OUT: DOW faces revenue challenges December 14, 2008

Last winter’s harsh weather, lagging revenue from licenses compounding DOW’s challenges

The Colorado Division of Wildlife continues to feel the effects of last winter’s record snows.

Storms that pounded Colorado and strained both physical and natural resources now are having a fiscal bite.

A report Thursday to the Colorado Wildlife Commission said the Division of Wildlife is about $3.2 million short this year in revenue from license sales.

The biggest drop was seen in deer licenses.

That $3.2 million includes all hunting and fishing licenses, said Henrietta Turner, head of the DOW license administration section. She cautioned the final deficit might be worse since a few late hunting seasons haven’t wrapped up and some licenses still are being sold.

“Overall we’re down 4.29 percent in license sales,” Turner said. “That’s about 45,000 licenses.”

Big game hunters have been told for years that as Colorado gets closer to capping its big game herds at acceptable levels, hunting opportunities will decline because fewer licenses will be available .

Thursday, Turner told the commission resident elk license sales declined by 2,000 tags (150,658) this year while nonresident elk licenses dropped by 7,000, to 84,755.

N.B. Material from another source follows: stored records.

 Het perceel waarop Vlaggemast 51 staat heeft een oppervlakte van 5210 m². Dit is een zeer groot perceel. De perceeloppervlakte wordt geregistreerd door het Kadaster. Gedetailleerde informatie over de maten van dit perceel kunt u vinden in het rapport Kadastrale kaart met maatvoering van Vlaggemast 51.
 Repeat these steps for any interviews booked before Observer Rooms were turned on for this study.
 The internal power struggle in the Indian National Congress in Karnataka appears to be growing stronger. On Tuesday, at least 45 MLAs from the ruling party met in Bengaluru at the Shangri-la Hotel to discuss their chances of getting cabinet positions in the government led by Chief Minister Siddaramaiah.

Revenue declined by $81,580 for resident license sales and $1.4 million for nonresident licenses.

Deer revenue and license sales also decreased although at a higher rate. Resident hunters purchased 71,000 deer licenses this fall, down from 78,000 in 2007. Nonresident deer hunters dropped from 29,227 in 2007 to 23,541 this fall.

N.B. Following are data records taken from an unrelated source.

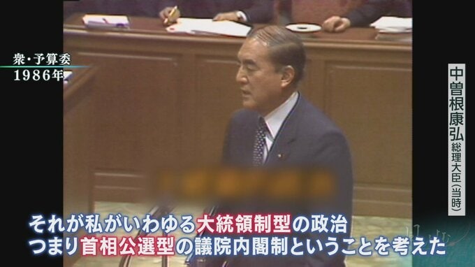 「それが私がいわゆる大統領制型の政治、つまり首相公選型の議員内閣制ということを考えた」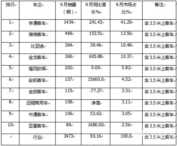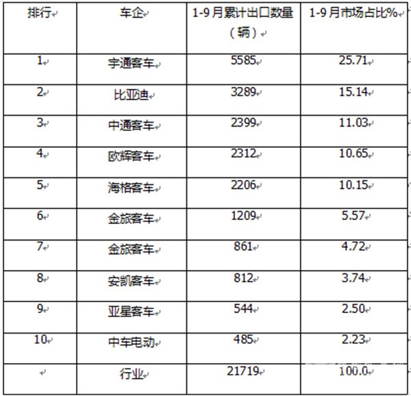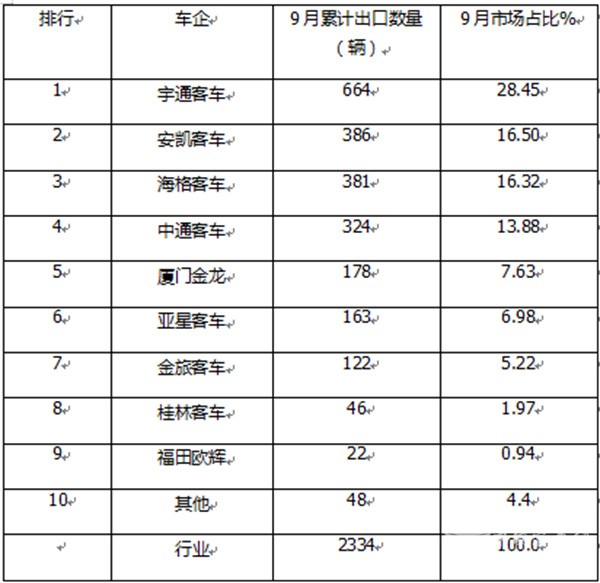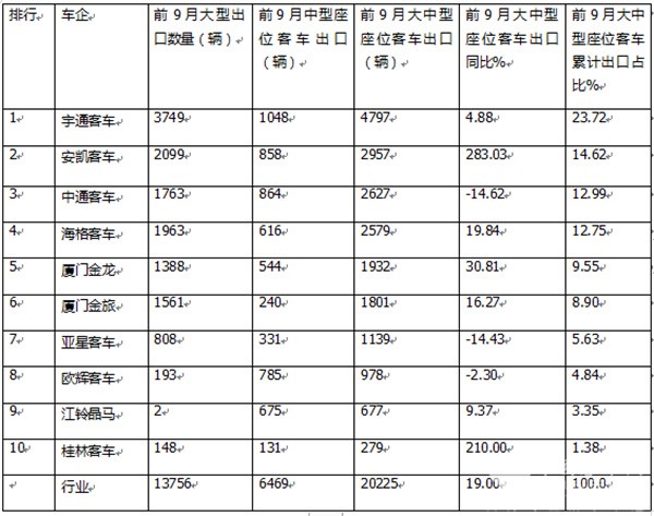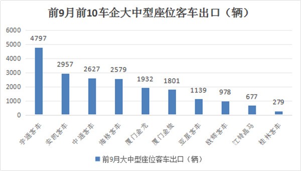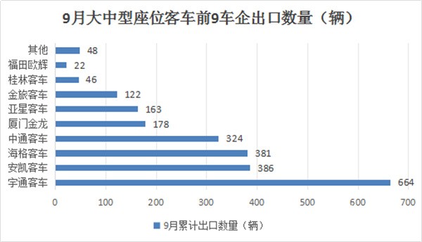 三、9月大中型座位客车出口:宇通夺冠,欧辉\海格分列二三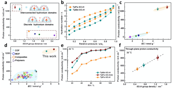 基于上述设计思路,williamhill官方网站深圳研究生院潘锋教授团队与天津大学化工公司姜忠义教授团队共同研制出具有超高质子传导率的离子型COF膜。通过膜上的磺酸基团实现水合质子的表面局域化,并通过调节磺酸基团的间距实现短氢键网络的联通,最终所制备的COF膜90℃100%相对湿度条件下,质子传导率可达1389 mS cm-1,为目前所见报道的最高值。该工作以Short hydrogen-bond network confined on COF surfaces enables ultrahigh proton conductivity”为题发表于《自然•通讯》(Nature Communications2022,13:6666)

Revenue from resident deer tags dropped 11.5 percent, from $2.15 million in 2007 to $1.9 million this year. Similarly, nonresident license sales dropped 19 percent with revenue declining 18 percent, from $8.5 million to $6.9 million.

Some of the decline likely can be attributed to the sagging economy, said Turner, but also hunters had fewer licenses to buy. In some cases license numbers were cut as herds continue to approach desired population levels. Also, in some places, the DOW has been lowering quotas because the licenses weren’t being sold.

Much of the decline in deer licenses and revenue came from lower license quotas, many of which were a reflection of concerns over the effects of last winter.

In one case, the Gunnison Basin received record snows last winter that spurred a four-month emergency feeding program. In response to pressure from local sportsmen and businesses, the wildlife commission slashed the deer licenses to seven.

“To keep it in context, that’s $3.2 million out of a budget of $100 million,” noted DOW Director Tom Remington. “Some of it’s a calculated decline as we reach population objectives.”

Turner also said pronghorn license sales were up last, a direct result of more licenses being available.

Turner suggested this trend of lower revenues may be here to stay.

“The point of my report is that the division may see declining revenues for a while as license numbers drop to keep herds at objectives,” she said.

Turner also mentioned her office this year refunded 14,000 big game licenses, about 4,000 more than last year. Because hunters don’t have to say why they ask for a refund, there’s no one apparent major cause for the increase in refunds, Turner said.

“But many of the people who responded to our questions mentioned the economy or their jobs as a factor,” she said.

The wildlife commission also is considering some changes in the State Habitat Stamp program.

Habitat stamps are required to use a state wildlife area, and non-license buyers can buy a $5 stamp to get access to these areas.

License buyers usually purchase two stamps, one with a fishing license, the other with a hunting license. This unfairly targets license buyers and the commission is considering dropping the two $5 stamps for one $10 stamp.

The commission also is considering requiring the purchase of a habitat stamp prior to applying for a big-game license. This would prevent non-resident hunters from piling up preference points without contributing to the state’s wildlife programs, Remington told the wildlife commission.